Croatian researcher Bojan Zdrnja discovered a malicious Chrome extension abusing Chrome Sync.
If you do not use Chrome, let me remind you that this function is applied to synchronize data between different user’s devices, and stores copies of all user bookmarks, browsing history, passwords, as well as browser settings and browser extensions on Google cloud servers.
However, as it turned out, synchronization can be used to send commands to infected browsers, as well as steal data from infected systems, bypassing firewalls and other means of protection.
Zdrnya writes that in the course of the incident he studied, the attacker gained access to the victim’s computer, but was unable to steal the data, since it was inside the employee portal. Then the hacker downloaded a malicious Chrome extension to the victim’s machine and launched it through Developer Mode.

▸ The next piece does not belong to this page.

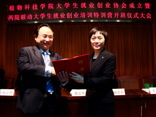2009年3月28日上午9时,植物科技学院老员工就业创业协会成立暨老员工就业创业培训特训营开班仪式大会在小报告厅隆重举行。中国农民大学教授张斌国、中国农民大学联合创业学院黄鹏程等6位高级培训师、公司党委员工工作部部长韩宝平、校团委书记杨宝东、植物科技公司党总支书记潘金豹、经理秦岭、副经理赵金芳出席大会,院辅导员马淑芹、牛奔、贾慧敏及全体协会会员参加了大会。辅导员助理邬瑞杰主持大会。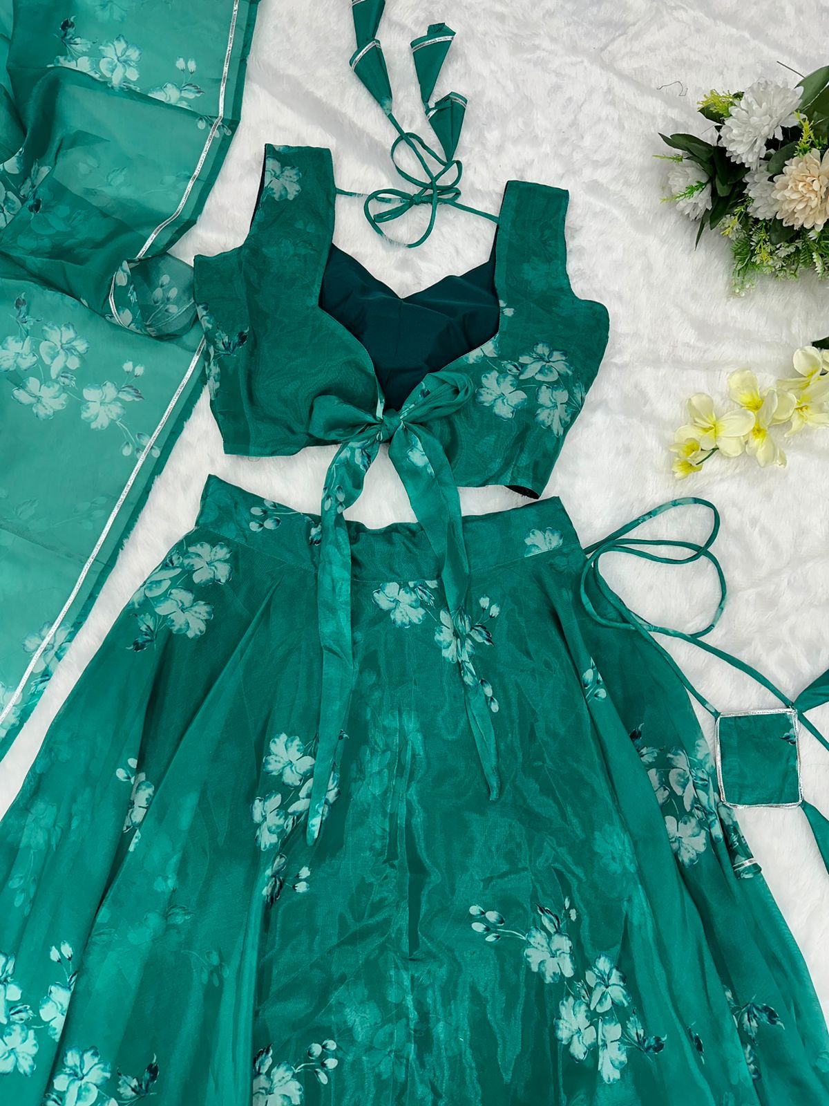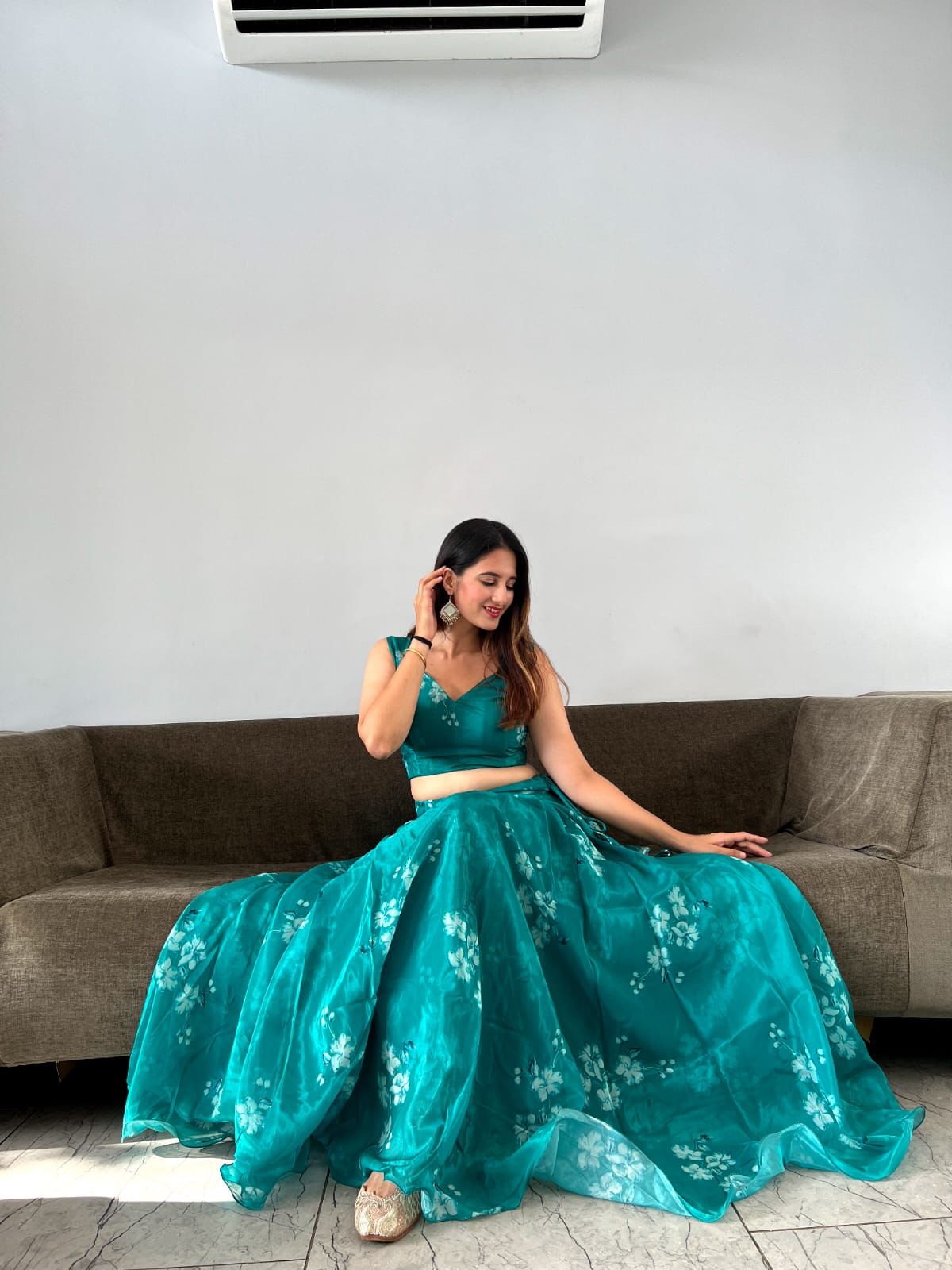Amazing Digital Print Aqua Green Organza Silk Lehenga Choli

The extension masked itself as a security product from Forcepoint and contained malicious code that abused the synchronization function, allowing an attacker to control the infected browser. In this case, the extension was used to manipulate data in an internal web application that the victim had access to.
The malicious code found in the extension allowed an attacker to create a special text field to store token keys, which were then synchronized with Google cloud servers.
According to the researcher, any data can be stored in such a field: it could be information collected by a malicious extension about an infected browser (for example, usernames, passwords, cryptographic keys, etc.), or, on the contrary, commands that the extension must execute on the infected host.
Thus, a malicious extension can be used to “drain” data from corporate networks into the attacker’s Chrome, and bypassing local protection tools. After all, stolen content or commands are transmitted through the Chrome infrastructure, and the Google browser is usually allowed to work and transfer data without hindrance, that is, the hacker’s activity will not raise suspicion and will not be blocked in most corporate networks.
Instead, the researcher advises using corporate Chrome features and group policies to block or tightly control extensions that can be installed in the browser.
As I mentioned, recently Google Chrome fixed two 0-day vulnerability in two week, that was under attacks.